You’d think it would take something very big or potentially catastrophic to stop an Airbus A380 or a Boeing 747 from taking off at New York City’s John F. Kennedy International Airport, the busiest in North America in terms of international traffic. But just a couple of weeks ago, on June 29, 2011, a turtle — or more precisely, 150 turtles — managed the feat.
Looking for a sandy beach in which to lay their eggs, more than a hundred diamondback terrapin turtles sauntered onto JFK’s runways, delaying several flights. Airport staff then had to rush in to encourage the slow-moving reptiles to hustle along their way, so that the planes could take off.
But this isn’t the first time the turtles have tried to cross the traffic-heavy complex. In fact, in 2009, there were similar news stories flooding communication outlets. According to conservation biologist Russell Burke of Hofstra University in New York, about one thousand terrapins live in Jamaica Bay between Brooklyn and Queens, and the population near JFK could be ten times that. And every mating season, the turtles leave their salt-marsh homes and breeding grounds near the airport in search of sandy, open areas where they can lay their eggs and bury them in the ground. The runways just happen to be in their path.

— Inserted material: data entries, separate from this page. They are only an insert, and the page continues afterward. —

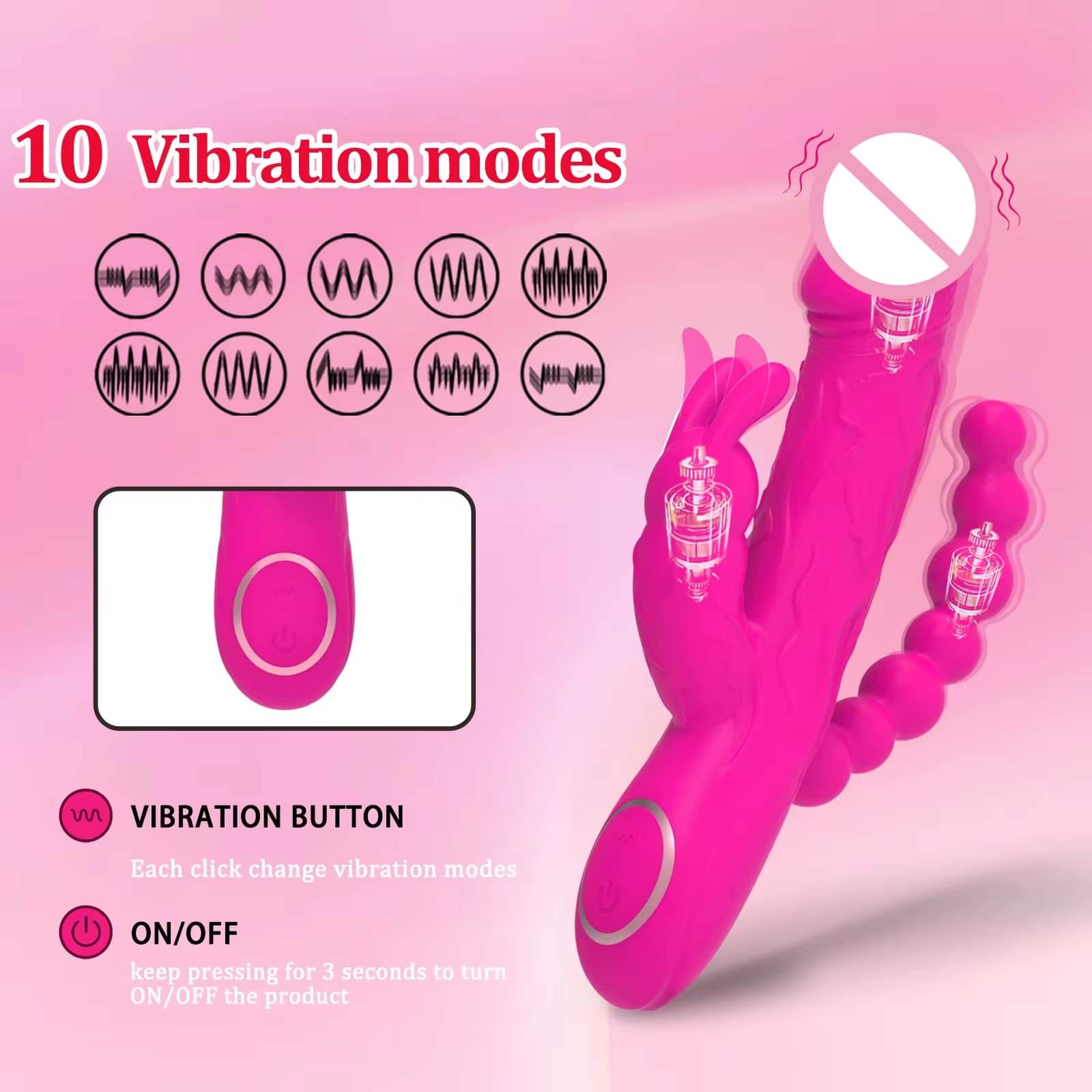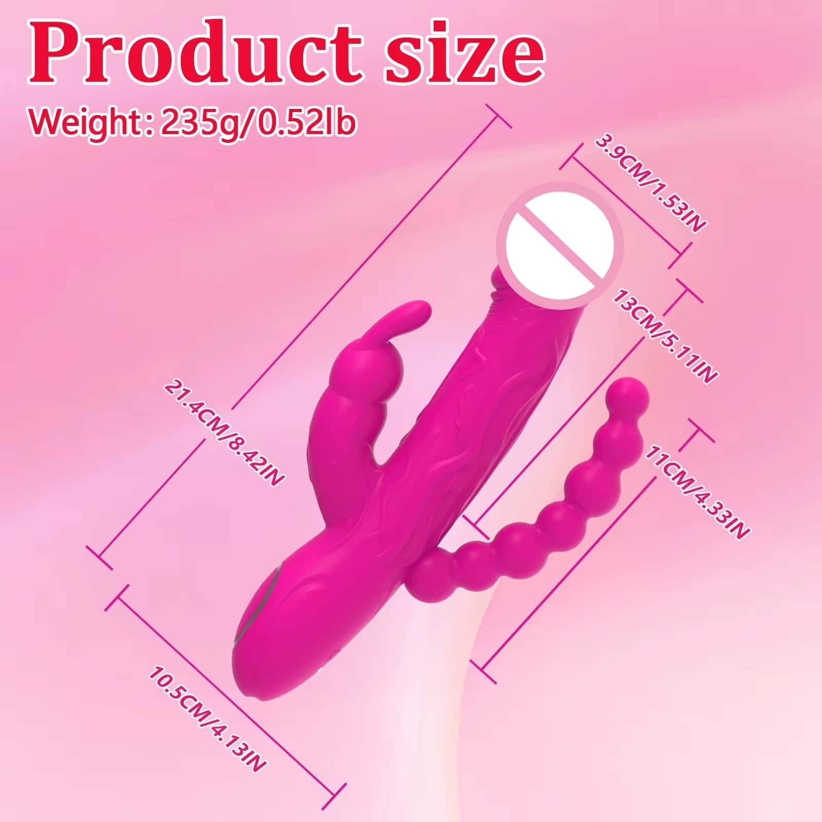 | Design | 3-in-1 rabbit vibrator with anal extension |
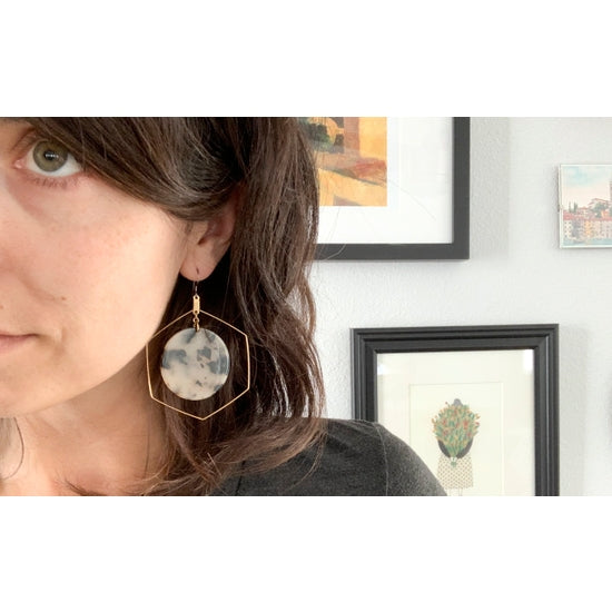 Super light + on trend acetate dangly earrings in a tortoise blonde hue. Earring Hooks are surgical grade A titanium--100% hypoallergenic + nickel free
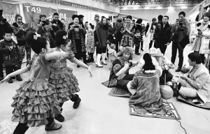 图为哈萨克民族舞蹈吸引众多市民观看。 (王远来)
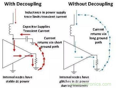圖 2 闡述了為什么去耦非常重要。需要注意的是,電源線跡的電感將限制暫態(tài)電流。 去耦電容與器件非常接近,因此電流路徑的電感很小。在暫態(tài)過程中,該電容器可在非常短的時(shí)間內(nèi)向器件提供超大量的電流。 未采用去耦電容的器件無法提供暫態(tài)電流,因此放大器的內(nèi)部節(jié)點(diǎn)會(huì)下垂(通常稱為干擾)。無去耦電容的器件其內(nèi)部電源干擾會(huì)導(dǎo)致器件工作不連續(xù),原因是內(nèi)部節(jié)點(diǎn)未獲得正確的偏置。

So when our human “migrations” intersect with the journeys of other animals, who should have the right of way?
The slow march of elders
Prized and subsequently overharvested for turtle soup in the early nineteenth century, diamondback terrapins have been protected in New York since early 1990. Recently, however, their population numbers have declined, probably due to the degradation of the area’s salt marshes. Nitrogen dumped from the New York City sewer system and rising ocean levels are the likely causes. Another problem is that the terrapin population skews toward the elderly — and it’s not being replaced by a younger generation. It’s estimated that urban raccoons devour 90 to 100 percent of the eggs laid by the Jamaica Bay terrapins during breeding season. The turtles on the runway seen a few weeks ago could be the same individuals that were reported as being there when the airport first opened in the 1940s.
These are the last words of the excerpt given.